Through clever utilisation of cyberspace, the execution of social manoeuvring as an instrument of contemporary statecraft has uncovered a paradox in the system of liberal democratic governance: in order to combat such operations, governments must further engineer their own public and the information available to them. 

The state in the digital age

Authoritarian states, like China, have come to benefit from cyberspace. As the digital landscape is malleable, it can be shaped to control a population through the manipulation of the information it is exposed to or shielded from. As the scope of “freedom of speech” and civil liberties continues to erode in democracies, citizens are increasingly attributing resilient policies to authoritarian nanny-states like China. 

In an ideal democratic state, the distribution of power between the authority and the citizen is equal. While the state can monitor society, that society gives legitimacy and power to the governing authority. Such a society is characterised by its norms, values, and interests, which are determined by the individuals which comprise it. In return, the government in power, whether through legislation or policy, deems these characteristics as legitimate. Such a social profile is fluid however; it can adapt and morph throughout time. This social flexibility can be influenced or manipulated by inside (government) or outside (foreign adversary) forces. 

By targeting – narrow or broad – audiences, a hostile agent can effectively steer a society towards a perspective that is beneficial to its interests. Thus, national security must reflect the values and interests of citizens; not to be purely objective in defending borders, but also to cater to the protection of the identity of the state. One free from interference and in which citizens can contribute to and perceive to be of value. 

The responsibility to defend

Australian citizenship, according to the Department of Home Affairs, is a privilege, an assessment that makes sense to many Australians. Responsibility within the state is seemingly second nature: behave in accordance with democracy, rights, liberties and the law; vote, and serve on a jury. The final responsibility, however, is rarely recognised: the responsibility to “defend the country should the need arise”.

Traditionally this responsibility has been met with military enlistment or conscription. The future of warfare, it seems will be more one of bots on the web than boots on the ground. So where does this responsibility as a citizen to defend fit within the realm of security? This is a question open to broad discussion not purely within the realm of cyberspace. But as cyberspace is Australia's most utilised platform for engagement - and exposure - it is perhaps a fitting area to trial such participation and responsibility.

The National Security Hotline’s prompt “If you see something say something” has played an active and beneficial role in investigations, so why not expand civil participation when it comes to other suspicious activity? A platform for monitoring or reporting suspicious websites or profiles could very well assist in the control and mitigation of social manoeuvring. Some threats, such as biological or climate related threats are inevitable, but information campaigns and social manoeuvring can be mitigated.

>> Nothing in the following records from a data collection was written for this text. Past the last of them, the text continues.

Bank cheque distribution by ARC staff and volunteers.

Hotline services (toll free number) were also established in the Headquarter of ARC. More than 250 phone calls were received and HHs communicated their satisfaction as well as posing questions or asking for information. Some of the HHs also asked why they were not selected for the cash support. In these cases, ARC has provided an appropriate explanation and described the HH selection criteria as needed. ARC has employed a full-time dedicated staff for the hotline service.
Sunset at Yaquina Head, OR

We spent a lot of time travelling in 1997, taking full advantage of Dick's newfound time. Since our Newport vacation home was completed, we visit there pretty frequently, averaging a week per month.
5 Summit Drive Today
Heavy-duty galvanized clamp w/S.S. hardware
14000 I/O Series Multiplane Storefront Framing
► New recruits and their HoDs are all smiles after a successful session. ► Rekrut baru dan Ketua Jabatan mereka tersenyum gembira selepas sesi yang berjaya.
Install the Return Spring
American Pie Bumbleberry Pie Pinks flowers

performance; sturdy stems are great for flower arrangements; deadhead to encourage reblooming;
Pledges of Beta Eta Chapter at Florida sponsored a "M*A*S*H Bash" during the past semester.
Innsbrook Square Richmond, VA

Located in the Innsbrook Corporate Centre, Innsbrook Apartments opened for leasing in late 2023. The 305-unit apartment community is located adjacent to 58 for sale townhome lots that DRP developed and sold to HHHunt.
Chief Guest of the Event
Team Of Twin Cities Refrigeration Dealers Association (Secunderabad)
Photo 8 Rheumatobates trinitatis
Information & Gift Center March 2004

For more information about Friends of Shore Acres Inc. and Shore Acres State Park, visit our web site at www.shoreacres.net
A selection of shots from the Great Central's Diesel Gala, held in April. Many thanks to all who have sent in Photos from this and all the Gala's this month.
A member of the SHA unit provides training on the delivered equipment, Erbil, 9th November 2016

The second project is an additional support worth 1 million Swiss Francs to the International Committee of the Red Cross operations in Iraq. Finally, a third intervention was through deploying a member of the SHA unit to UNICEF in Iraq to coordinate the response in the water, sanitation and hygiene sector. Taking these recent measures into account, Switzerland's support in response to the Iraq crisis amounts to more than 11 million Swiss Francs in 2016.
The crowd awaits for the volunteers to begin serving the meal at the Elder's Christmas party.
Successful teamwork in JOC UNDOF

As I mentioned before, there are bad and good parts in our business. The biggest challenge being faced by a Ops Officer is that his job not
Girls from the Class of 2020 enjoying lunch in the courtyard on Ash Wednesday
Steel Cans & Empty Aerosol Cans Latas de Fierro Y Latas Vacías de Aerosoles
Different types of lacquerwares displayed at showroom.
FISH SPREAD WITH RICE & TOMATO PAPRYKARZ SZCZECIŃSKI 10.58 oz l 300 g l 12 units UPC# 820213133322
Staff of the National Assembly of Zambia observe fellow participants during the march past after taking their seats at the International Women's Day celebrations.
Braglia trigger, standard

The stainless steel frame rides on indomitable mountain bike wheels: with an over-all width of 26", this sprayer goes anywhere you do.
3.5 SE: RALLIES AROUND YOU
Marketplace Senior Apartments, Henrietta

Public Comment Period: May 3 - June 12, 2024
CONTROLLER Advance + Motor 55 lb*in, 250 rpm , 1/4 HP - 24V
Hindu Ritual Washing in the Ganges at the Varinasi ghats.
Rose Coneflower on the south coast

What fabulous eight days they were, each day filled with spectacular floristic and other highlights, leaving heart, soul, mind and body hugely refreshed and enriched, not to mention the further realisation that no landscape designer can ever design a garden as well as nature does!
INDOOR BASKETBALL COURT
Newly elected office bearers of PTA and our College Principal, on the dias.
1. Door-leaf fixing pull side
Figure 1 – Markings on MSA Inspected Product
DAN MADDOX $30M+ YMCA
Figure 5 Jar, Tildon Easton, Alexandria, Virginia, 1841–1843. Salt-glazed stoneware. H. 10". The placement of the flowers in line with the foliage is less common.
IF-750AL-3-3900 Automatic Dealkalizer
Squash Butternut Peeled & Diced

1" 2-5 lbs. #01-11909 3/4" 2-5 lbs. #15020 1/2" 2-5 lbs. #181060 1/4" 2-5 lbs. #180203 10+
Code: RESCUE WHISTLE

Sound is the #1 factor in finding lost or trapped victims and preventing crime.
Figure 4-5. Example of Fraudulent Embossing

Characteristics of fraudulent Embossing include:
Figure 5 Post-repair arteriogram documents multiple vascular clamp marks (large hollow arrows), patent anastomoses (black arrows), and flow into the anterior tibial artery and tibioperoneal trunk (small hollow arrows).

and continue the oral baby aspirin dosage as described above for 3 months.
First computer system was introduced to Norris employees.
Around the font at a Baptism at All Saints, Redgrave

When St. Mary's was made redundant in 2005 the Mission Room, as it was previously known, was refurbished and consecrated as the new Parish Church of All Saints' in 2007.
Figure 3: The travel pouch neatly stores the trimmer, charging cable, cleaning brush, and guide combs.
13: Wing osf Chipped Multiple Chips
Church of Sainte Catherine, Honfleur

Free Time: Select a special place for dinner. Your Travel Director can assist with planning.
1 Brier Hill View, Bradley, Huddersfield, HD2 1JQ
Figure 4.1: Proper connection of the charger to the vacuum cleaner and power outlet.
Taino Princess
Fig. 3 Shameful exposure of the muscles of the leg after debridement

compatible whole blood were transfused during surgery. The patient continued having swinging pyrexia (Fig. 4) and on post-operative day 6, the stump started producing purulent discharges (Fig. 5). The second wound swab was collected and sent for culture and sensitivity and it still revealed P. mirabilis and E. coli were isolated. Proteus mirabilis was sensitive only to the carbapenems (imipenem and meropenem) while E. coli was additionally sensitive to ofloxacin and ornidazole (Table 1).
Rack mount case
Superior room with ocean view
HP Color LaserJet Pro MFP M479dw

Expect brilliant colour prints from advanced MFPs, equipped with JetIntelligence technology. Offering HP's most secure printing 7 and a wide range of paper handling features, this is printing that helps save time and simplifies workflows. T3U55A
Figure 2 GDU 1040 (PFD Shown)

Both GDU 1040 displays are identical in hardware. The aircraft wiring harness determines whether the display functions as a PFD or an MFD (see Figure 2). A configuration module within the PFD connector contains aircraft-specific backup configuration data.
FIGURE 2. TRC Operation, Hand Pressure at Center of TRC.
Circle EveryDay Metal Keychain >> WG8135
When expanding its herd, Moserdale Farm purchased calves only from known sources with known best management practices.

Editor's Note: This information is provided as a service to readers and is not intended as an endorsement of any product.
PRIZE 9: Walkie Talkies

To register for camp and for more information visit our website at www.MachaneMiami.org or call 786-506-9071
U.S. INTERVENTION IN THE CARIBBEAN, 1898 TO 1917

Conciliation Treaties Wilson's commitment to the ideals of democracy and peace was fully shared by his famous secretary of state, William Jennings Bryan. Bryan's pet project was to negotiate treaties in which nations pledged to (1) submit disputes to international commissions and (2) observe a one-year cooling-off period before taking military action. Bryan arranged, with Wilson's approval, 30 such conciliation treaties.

Civil society must become an informed, participating and understanding stakeholder in national security processes if Australia is to defend against acts of social manoeuvring in the digital era. Cyberspace presents a promising platform to trial policies that communicate, educate and encourage civilian participation in national security. Whether this is through “defending the country” in respecting processes implemented by the legitimate government apparatus – to contain and mitigate threats of interference – or building social resilience to identify and report foreign manipulation. 

It is the well-functioning of the collective group of individuals that determines the state’s legitimacy through recognition of national identity and values; one free from foreign interference. Defending the country as an active participant in cyberspace and cyber security is a favourable test-ground for promoting active engagement in national security to uphold state legitimacy.

Madeleine Nugent is the Cyber Security Fellow for Young Australians in International Affairs.